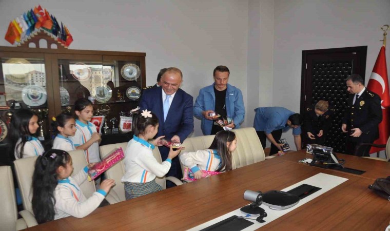 Öğrencilere çeşitli hediyeler takdim eden Saka, çocuklara birimleri gezdirdi. Öğrencilerin ziyareti hatıra fotoğrafı çektirilmesi ile sona erdi.
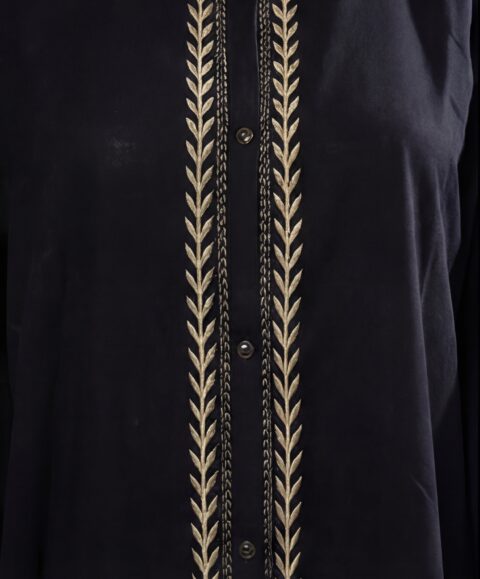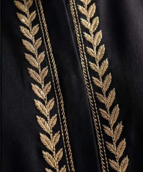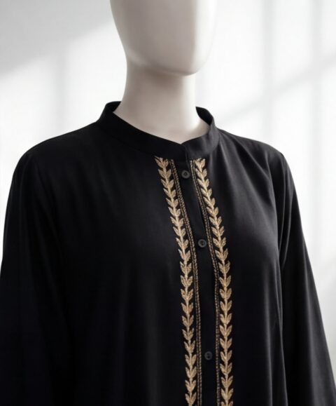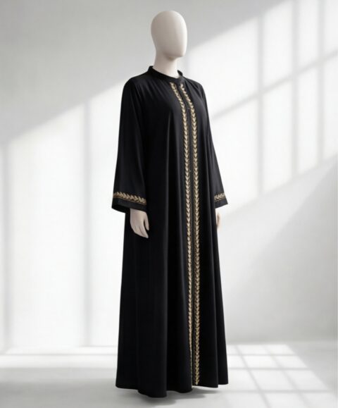 Elevate your modest wardrobe with this stunning Black Front-Open Abaya. Featuring intricate gold leaf embroidery along the front panel and cuffs, this A-line silhouette offers a perfect blend of traditional grace and modern sophistication. Crafted from breathable, high-quality fabric, it is designed for both comfort and style.
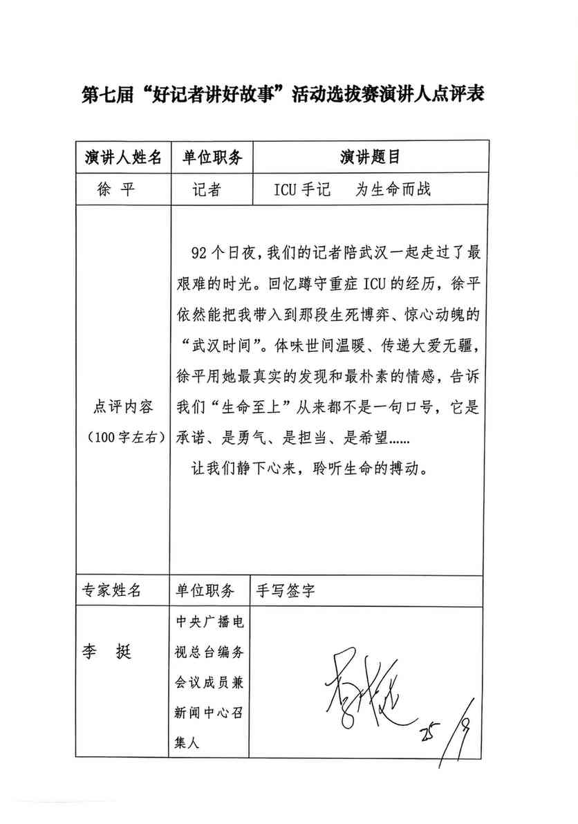抗击疫情,不辱使命。从1月28日奔赴武汉,到4月28日返回北京,在前线奋战整整92天,50多次进入红区,完成了数十场大小屏直播、新媒体产品、《新闻联播》指定任务。绝大多数时间都是蹲守在重症ICU,用镜头记录下疫情漩涡中的苦难、抗疫一线抢救生命的惊心动魄、国家危难之时的守望相助、勇敢者的逆行和一座城市的坚守。其中《重症ICU纪实》9集、100分钟的报道,在大小屏同步播出,取得了良好的收视、传播和社会效果,很多内容都冲上当天新闻话题热搜,公众讨论热度持续不减;总台独家持续跟踪报道《“云守护”小石榴》化作温暖人心的一抹阳光,在疫情报道中独树一帜,从一个新闻故事到一个记录平台,万千网友在线守护武汉新生命,话题热搜阅读量达到3.3亿。

EXERCISE DIRECTIONS = Produce the material above again in full, with identical lines and no pictures.

ANSWER BELOW =
 Öğrencilere çeşitli hediyeler takdim eden Saka, çocuklara birimleri gezdirdi. Öğrencilerin ziyareti hatıra fotoğrafı çektirilmesi ile sona erdi.
 Elevate your modest wardrobe with this stunning Black Front-Open Abaya. Featuring intricate gold leaf embroidery along the front panel and cuffs, this A-line silhouette offers a perfect blend of traditional grace and modern sophistication. Crafted from breathable, high-quality fabric, it is designed for both comfort and style.
抗击疫情,不辱使命。从1月28日奔赴武汉,到4月28日返回北京,在前线奋战整整92天,50多次进入红区,完成了数十场大小屏直播、新媒体产品、《新闻联播》指定任务。绝大多数时间都是蹲守在重症ICU,用镜头记录下疫情漩涡中的苦难、抗疫一线抢救生命的惊心动魄、国家危难之时的守望相助、勇敢者的逆行和一座城市的坚守。其中《重症ICU纪实》9集、100分钟的报道,在大小屏同步播出,取得了良好的收视、传播和社会效果,很多内容都冲上当天新闻话题热搜,公众讨论热度持续不减;总台独家持续跟踪报道《“云守护”小石榴》化作温暖人心的一抹阳光,在疫情报道中独树一帜,从一个新闻故事到一个记录平台,万千网友在线守护武汉新生命,话题热搜阅读量达到3.3亿。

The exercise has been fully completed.